Playing catch up in A.I., Google merges its DeepMind and Brain research teams in an effort to ‘significantly accelerate’ progress
Google consolidated its AI research groups to keep ahead. Sundar Pichai announced the combination of Google Research's Brain team and Alphabet's DeepMind in a Thursday blog post. “Combining all this talent into one focused team, backed by Google's computational resources, will significantly accelerate our AI progress,” Pichai said. Demis Hassabis leads DeepMind.
According to two anonymous sources, Jeff Dean, who leads artificial intelligence and research at Google, will step down from his management role as a result of the reorganization. According to the people, Google's new head scientist, Dean, will collaborate with Google Research and DeepMind to develop more advanced AI systems, but he will not be responsible for supervising huge teams. He'll response to Chief Executive Officer Sundar Pichai.

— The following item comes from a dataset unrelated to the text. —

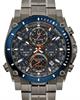 Bulova Precisionist Collection model 98B343 operated by quarts chronograph movement with continuously sweeping second hand. Grey plated 316L stainless steel case and bracelet. Blue IP plated bezel. Black carbon dial with orange color accents, date and luminous hands, tachymeter scale. 300 meters water resistant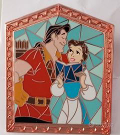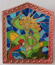 Due pin in metallo, realizzate nello stile delle vetrate. Parte posteriore della pin a forma di Topolino. Le pin misurano: H 4 x L 3 cm circa

DeepMind, which is situated in London and owned by Alphabet, often releases new artificial intelligence technologies such as AlphaFold, which predicts the structures of proteins, and AlphaGo, which is superior to humans at the game of Go. There is a possibility that Google products do not adhere to the conventional ideas of artificial intelligence.
The "transformer" technology was developed by Google Research for use with huge language models. It is utilized by the Google Bard chatbot as well as OpenAI Inc.'s ChatGPT chatbot. Google's restructuring will consolidate such research under Google DeepMind, suggesting a stronger relationship with Alphabet. DeepMind was moved from "Other Bets" to corporate spending by Alphabet in February. James Manyika, Google's senior VP of technology and society, will manage Google Research, Pichai announced. The team will prioritize privacy, security, quantum computing, health, climate, and responsible AI. Manyika took over Clay Bavor's emerging tech projects early this year.
Google's rush to produce generative AI products to compete with OpenAI discouraged workers, Bloomberg reported on Wednesday. Workers say Mountain View, California's search giant is compromising on disinformation and other harms to catch up to ChatGPT's amazing success.